Background information
- Born: Forrest Scott Kline November 7, 1983 (age 42) Ashland, Oregon, U.S.
- Occupations: Musician; songwriter; record producer;
- Instruments: Guitar; keyboards; vocals; ukulele; banjo; bass guitar; mandolin;
- Label: Drive-Thru
- Member of: Hellogoodbye
- Website: www.hellogoodbye.net

= Forrest Kline =

American singer-songwriter (born 1983)

Forrest Scott Kline (born November 7, 1983) is an American musician, singer, songwriter, and guitarist. He is the lead vocalist of the power pop band Hellogoodbye.

==Early life==
He is of German descent and spent most of his childhood in Huntington Beach, California and in Palm Desert, California, and attended Huntington Beach High School, along with ex-bandmate Jesse Kurvink, during his teenage years.

==Music career==
As part of Hellogoodbye, he won the MTV2 Dew Circuit Breakout contest.
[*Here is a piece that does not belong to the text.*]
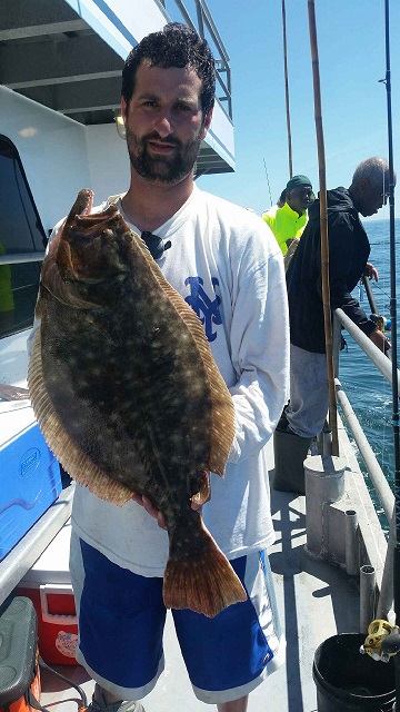 ![]() Conditions for Cod were tough - steady 20 MPH winds, strong current and wreck fishing 300 feet deep - but the fish were there. My son Brian & I each caught a dozen or so cod (up to ~20 pounds, ORL of 10) and the same # of Pollock, also up to 20 lbs (no limit on Pollock). We had to use 20 ounce Norweigen jigs, although clams worked too. Unfortunately I have no pictures from Day 1, we zonked out after jigging so many hours and the mates fileted our 3 totes of fish while we crashed. WE slept at sea, anchored up off Nantucket in calm waters. Engines started up after daybreak & we hit the shoals after a short run. Mates had to shake Brian awake in his bunk when boat started fluking. He went from coma-like sleep to fluking in under 5 minutes. Fluking was the best I've EVER experienced. Brian & I each had our limit by 9am. Bucktailing was next to impossible, even using 12 oz jigs. We used some NJ techniques that succeeded: - used the Ron Santee Sr. rig: 20 oz sinker on bottom, 2 droppers above tipped with Gulp! and bait - the NJ spearing we brought were bigger & firmer than the boat bait - Mass. fluke were all over them Even though we were bailing fluke, many anglers were struggling. Mates told us to help fill others' limits so we started to upgrade our catch and give away some of our smaller keepers. Of the 10 fluke we kept, they were all 22+" up to Brian's personal best of 28"/8.2 pounds; my best was 27.5". Pool winning fluke was 13.9 pounds; pool winning Cod/Pollock was a 30 lb Pollock. This trip was epic & I now understand why they sell out so quickly. The boat does several 2-day Nantucket layover fluke trips, but only 1 "CAptain's Special" each summer. This trip will become a yearly event for Brian & me and hopefully some NJF'ers will join us next year & beyond (btw - no cell phones went swimming!)
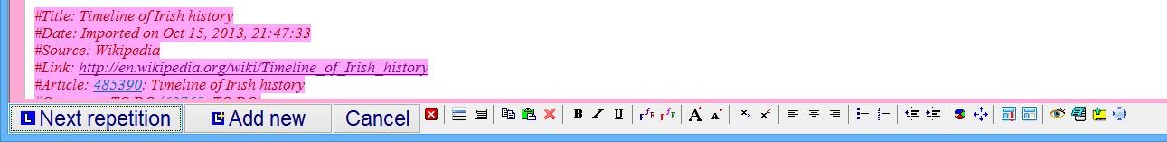 | 18:18, 17 October 2013 | 1,291 × 157 (39 KB) | SuperMemoHelp (talk | contribs) | The '''Format''' toolbar docked at the learnbar. It features the options for modifying text and component attributes of your elements |

Kline produced and recorded Never Shout Never's The Summer EP.

In 2010, he wrote or co-wrote the songs as well as produced Hellogoodbye's second LP Would It Kill You?.

==Personal life==
On June 25, 2010, Kline married his girlfriend of six years, Chelsea, with whom he lives in Long Beach, California.

A former vegan, Kline is pescatarian and supports the animal rights group People for the Ethical Treatment of Animals (PETA).